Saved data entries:
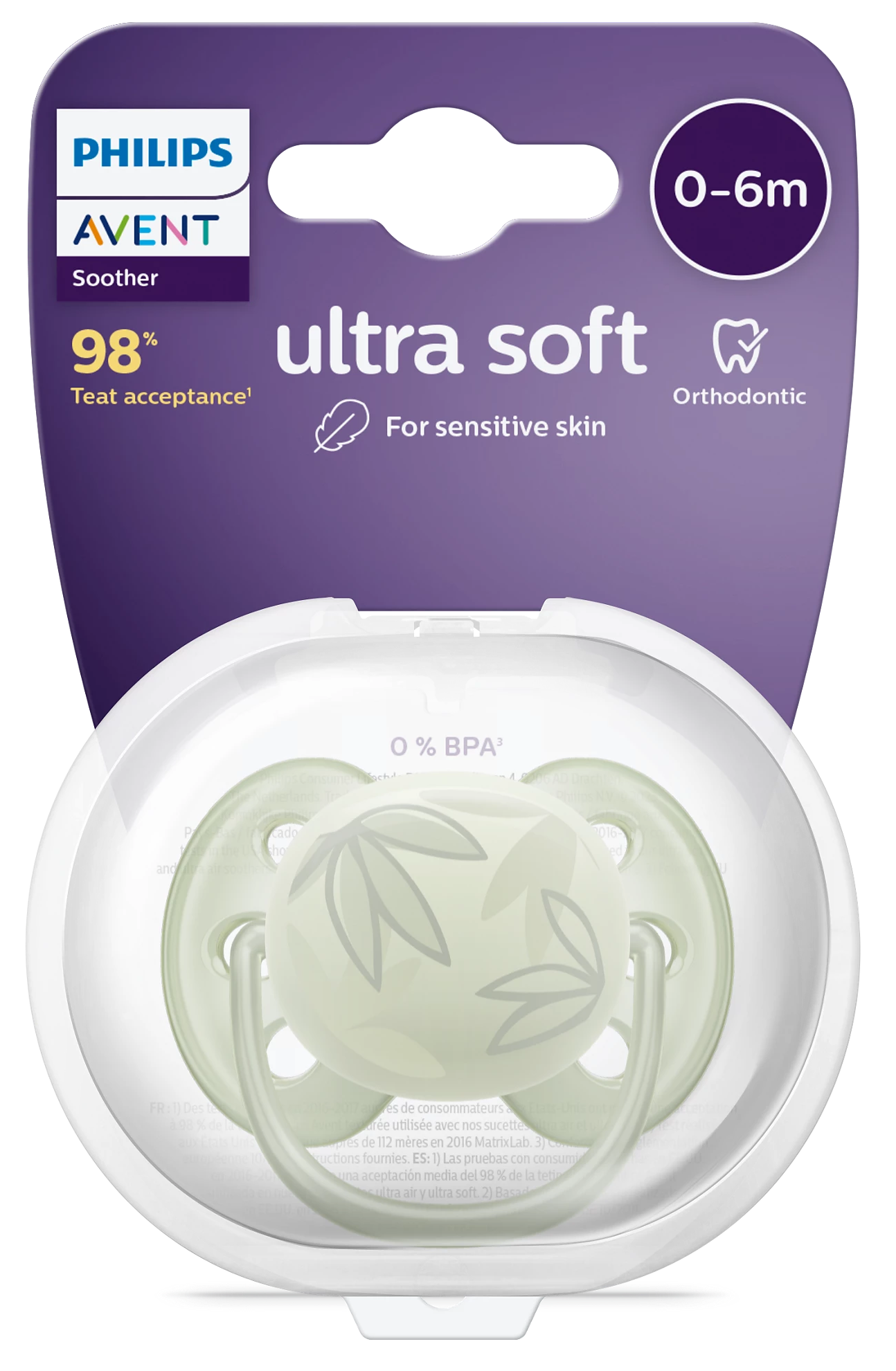 Легкая Соска-пустышка для новорожденных Philips Avent Ultra Soft от 0-6 месяцев силиконовая с нежной текстурой это альтернатива большому пальцу ребенка, сосание которого пагубно сказывается на формировании прикуса. Увеличенные отверстия и легкий нагубник хорошо пропускают воздух, предотвращая раздражение от конденсата на коже. Благодаря футляру ортодонтическую пустышку можно легко стерилизовать в микроволновой печи или промыть под проточной водой.
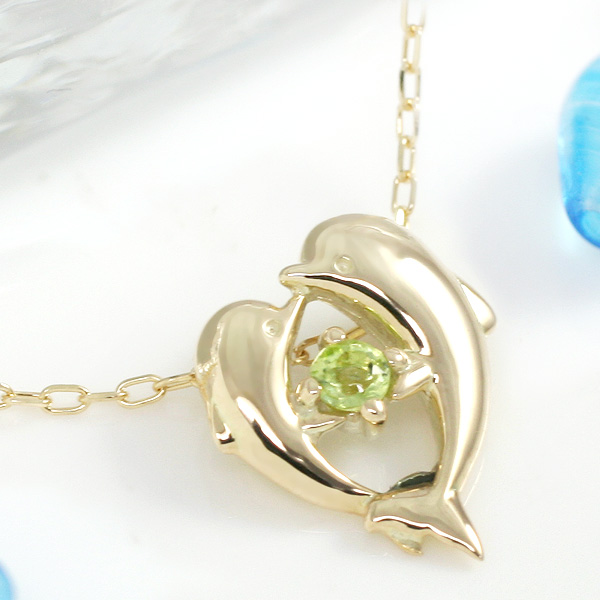 艶やかなドルフィンハートの真ん中には8月の誕生石ペリドットが、 ワクワクとときめく恋心のような輝きを眩しく放ちます。
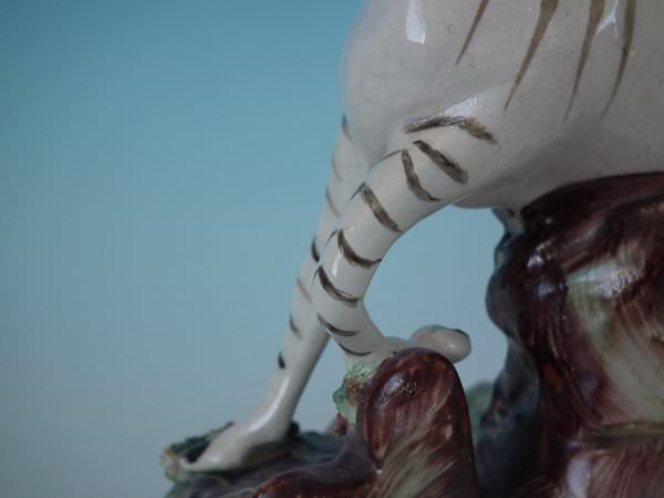 Left facing: Generally good. Two tiny chips to shredded clay by tail.
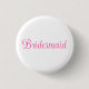 Button Pin casual fun fashion statement accessory printed with White Color background and Bridesmaid in Hot Pink Color text typography lettering design by TheFabricSeal print on demand shop at Zazzle.com #ZazzleMade https://www.zazzle.com/store/thefabricseal TheFabricSeal©️Original.
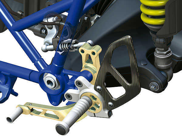Ещё одним «приветом» из мира гонок является наличие «спид-шифтера», установленного на 6-ступенчатой коробке передач со сближенными передаточными числами, что позволяет менять передачи без сброса газа и выжима сцепления. И здесь снова можно говорить о том, что ранее такое устройство на серийных мотоциклах не устанавливалось.
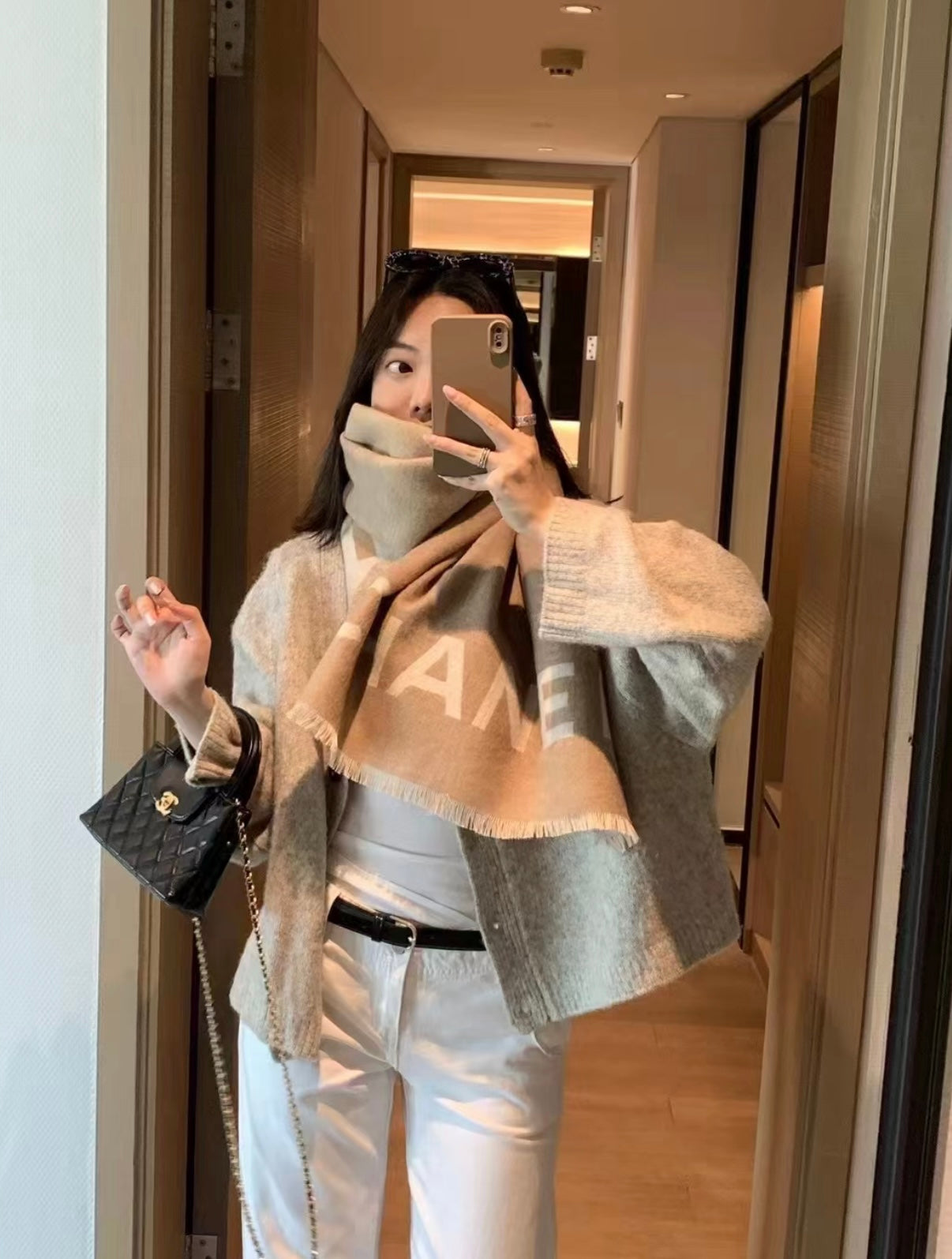 CC Scarf 200 CM In Brown Mix White Cashmere 401298
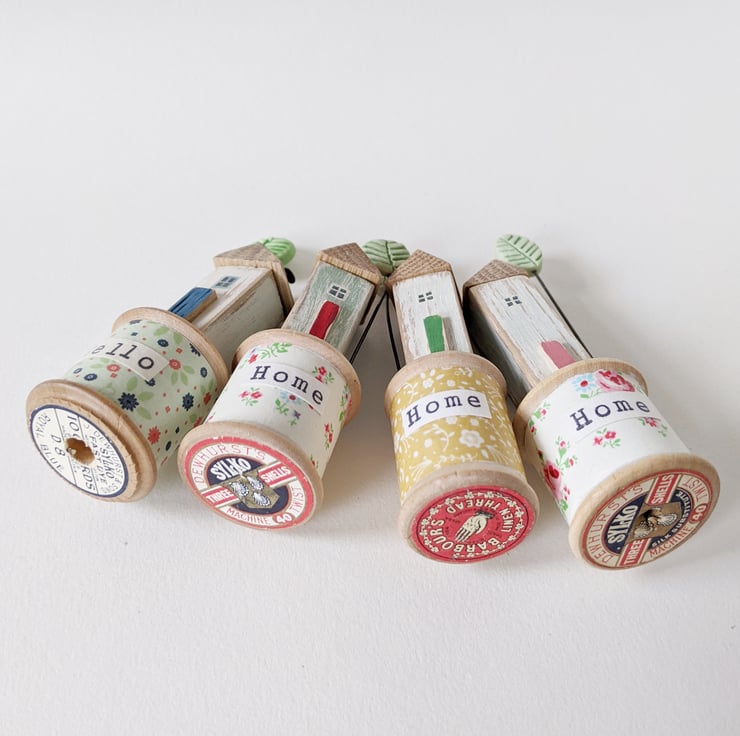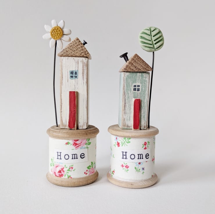 A hand painted little house sits on a vintage wooden bobbin. A little patterned and painted polymer clay tree stands beside it.
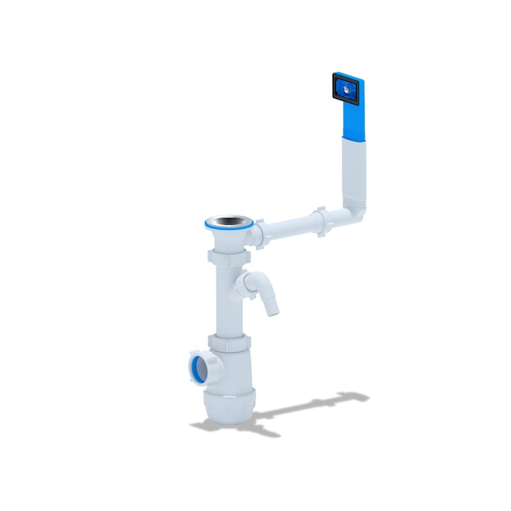 Сифон для кухонных моек с диаметром сливного отверстия 50мм, бутылочного типа с увеличенным корпусом, с разборным выпуском и нержавеющей решеткой , с отводом для подключения бытовой техники. С жестким прямоугольным переливом для моек из нержавеющей стали. Корпус перелива оборудован универсальной прокладкой для круглых и прямоугольных моек, нужная сторона прокладки достигается путем переворота. Выход для подключения к канализации 40мм.

**What you should do**:
Copy out every entry above verbatim. Leave each picture out.

**Answer box**:
 Легкая Соска-пустышка для новорожденных Philips Avent Ultra Soft от 0-6 месяцев силиконовая с нежной текстурой это альтернатива большому пальцу ребенка, сосание которого пагубно сказывается на формировании прикуса. Увеличенные отверстия и легкий нагубник хорошо пропускают воздух, предотвращая раздражение от конденсата на коже. Благодаря футляру ортодонтическую пустышку можно легко стерилизовать в микроволновой печи или промыть под проточной водой.
 艶やかなドルフィンハートの真ん中には8月の誕生石ペリドットが、 ワクワクとときめく恋心のような輝きを眩しく放ちます。
 Left facing: Generally good. Two tiny chips to shredded clay by tail.
 Button Pin casual fun fashion statement accessory printed with White Color background and Bridesmaid in Hot Pink Color text typography lettering design by TheFabricSeal print on demand shop at Zazzle.com #ZazzleMade https://www.zazzle.com/store/thefabricseal TheFabricSeal©️Original.
Ещё одним «приветом» из мира гонок является наличие «спид-шифтера», установленного на 6-ступенчатой коробке передач со сближенными передаточными числами, что позволяет менять передачи без сброса газа и выжима сцепления. И здесь снова можно говорить о том, что ранее такое устройство на серийных мотоциклах не устанавливалось.
 CC Scarf 200 CM In Brown Mix White Cashmere 401298
 A hand painted little house sits on a vintage wooden bobbin. A little patterned and painted polymer clay tree stands beside it.
 Сифон для кухонных моек с диаметром сливного отверстия 50мм, бутылочного типа с увеличенным корпусом, с разборным выпуском и нержавеющей решеткой , с отводом для подключения бытовой техники. С жестким прямоугольным переливом для моек из нержавеющей стали. Корпус перелива оборудован универсальной прокладкой для круглых и прямоугольных моек, нужная сторона прокладки достигается путем переворота. Выход для подключения к канализации 40мм.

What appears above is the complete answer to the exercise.